Tanta máscara no rosto, nem sei quem vai falar
Tantos sim pro mundo, eu me calei no processo
Quem era eu mesmo? Eu já não tinha endereço
Me entreguei de bandeja, deixei de pedir troco
Vendi minha alma em essência em um sopro
Na ilusão do tá tudo bem, tá tranquilo
Não me reconhecia, me encontrei perdido
A vida cobra caro, e paguei com identidade
Fui abrindo mão da minha própria verdade
Pra agradar plateia que nem tava assistindo
No palco da vida, eu mesmo fui sumindo
Mas agora eu vejo, eu me refaço
Pego de volta o que o tempo me roubou e desfaço
Eu sou raiz, que renasce da fresta no chão
Tô me reconhecendo, sou minha revolução
Cê acha que eu sumi?
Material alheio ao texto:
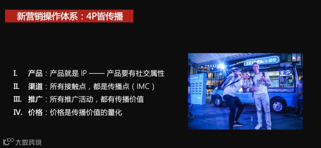 最后一个是操作系统。传统营销框架里面叫4P。4P皆传播,如何做?把所有的事情做的都有传播力,按照过去的4P总结了四句话。

Tô voltando mais forte
Que nem fênix, ressurgindo, dessa vez com suporte
Agora sou eu, sem moldura, sem moldagem
Desenterrei meu eu, fiz a própria sabotagem
Chega de moldar minha alma pra caber na estante
Me reinvento, me liberto, num flow mais constante
Eu sou meu caminho, sou estrada e sou trilha
No mapa da minha alma, achei a minha ilha
Fiz dos tropeços, um trampolim pra voar
Se me perdi de mim, hoje eu vou me encontrar
Não sou mais refém das correntes que eu fiz
Sou dono da minha história, voltei a ser raiz
Mas agora eu vejo, eu me refaço
Pego de volta o que o tempo me roubou e desfaço
Eu sou raiz, que renasce da fresta no chão
Tô me reconhecendo, sou minha revolução
Na bagunça do mundo, eu sou ordem no caos
Arrebentando as algemas, me sinto mais real
Não sou mais sombra, sou luz brilhando no escuro
De volta pra mim, no meu futuro eu, juro!